The first study demonstrating a favorable effect of inhaled iloprost in patients with PAH was published as early as 1996 by Olschewski et al.22 This group had demonstrated a vasodilative effect of inhaled PGI2 in patients with ARDS before.30 In addition, hemodynamic effects have also been reported in dogs with hypoxia-induced PH.31 In 6 patients with idiopathic pulmonary arterial hypertension and PH associated with CREST syndrome 100 μg of PGI2 (and iloprost in one patient) were aerosolized in 6 to 9 doses for 15 minutes each. Acute and long-term beneficial effects on hemodynamics were demonstrated. In 1999, 8 patients with PH accompanying lung fibrosis exhibited significant benefit to aerosolized PGI2 suggesting a vasoconstrictive component in the pathophysiology of this clinical situation.32 In both studies effects of the inhaled PGI2 analogon iloprost lasted longer than effects after the aerosolized PGI2.

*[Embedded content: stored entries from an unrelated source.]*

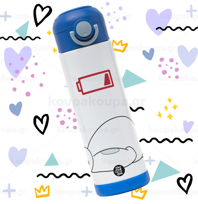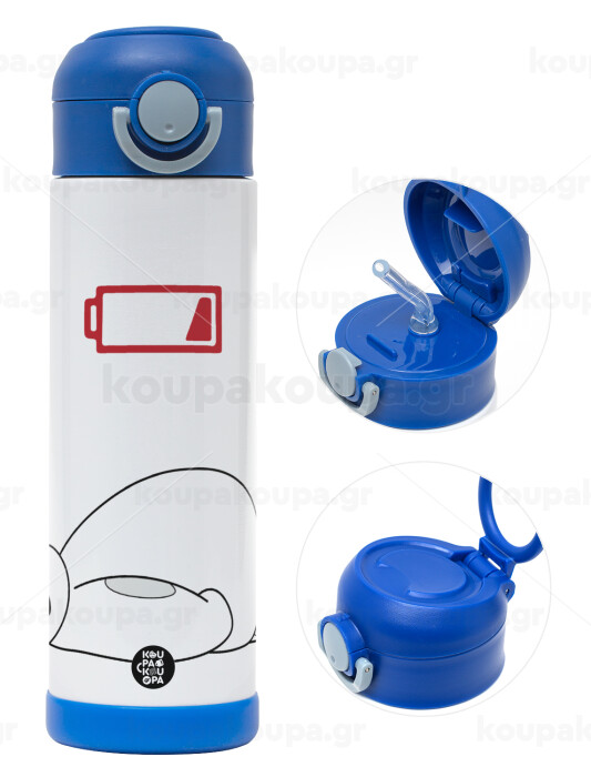 Baymax battery low, Easter candle, Childrens hot water bottle, stainless steel, with safety straw, BLUE (500ml)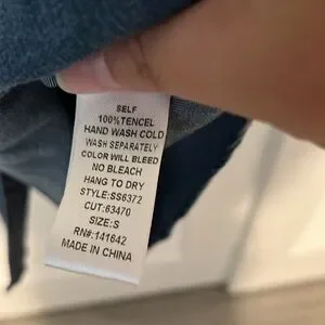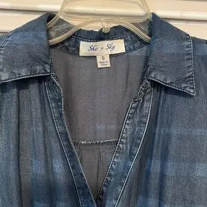 Denim dress with tie belt. Darker color denim. Women’s size small (size 4). Hits right at the knee. Functional buttons down the front. Sleeveless. Pocket on front right.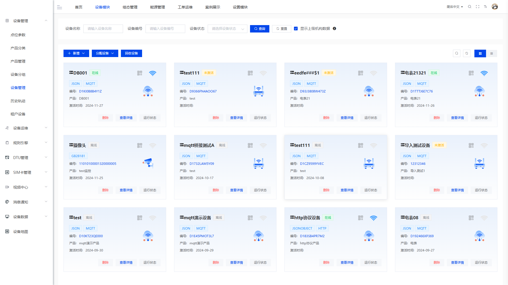 支持百万数量级传感器接入(包括第三方传感器),不同协议/接口传感设备快速选型配置。

Short-term effects on exercise capacity and were studied by Wensel et al in 2000.33 Exercise duration and ventilation (peak oxygen uptake, VE versus VCO2 slope) improved significantly after the inhalation of iloprost in 11 patients with IPAH and PAH due to morbus Osler. In this study the strongest independent predictors of survival turned out to be VO2max and peak systolic blood pressure during exercise, highlighting the importance of performing cardiopulmonary exercise testing for future study assessment.
Hoeper et al compared acute effects of inhaled iloprost and nitric oxide.34 The PGI2 analogue iloprost resulted in a greater decrease in pulmonary artery pressure and a stronger increase in cardiac output. Vasodilatory effects of inhaled PGI2 lasted for approximately 60 minutes. However, a maximum of 9 inhalations of iloprost per day were performed. Long-term beneficial effects on pulmonary artery pressure and exercise capacity had nevertheless been shown before. The authors therefore concluded that an inhibitory effect of PGI2 on vasoproliferation existed. They also suggested that the number of daily inhalations could be reduced due to this additional lasting effect.
This persisting effect of inhaled iloprost in long-term treatment was also published by two groups in 2000. Olschewski et al examined 19 patients with PH in an open, uncontrolled, multicenter study. After inhaling iloprost for 3 months hemodynamic parameters and exercise capacity improved, whereas the acute response to iloprost did not change (results pre- versus post-inhalation were similar at 3 months).35 In a prospective study Hoeper et al36 investigated the effect of iloprost on exercise capacity and hemodynamics in 24 patients with IPAH of NYHA classes III and IV. Patients received 6 to 8 inhalations of 100 μg of iloprost per day. Six-minute walking distance (6MWD) increased significantly after 3 months of treatment. This effect was still maintained at 12 months. Improvements of hemodynamic parameters were also observed. It was suggested, that aerosolized iloprost be used for long-term therapy treatment of PH.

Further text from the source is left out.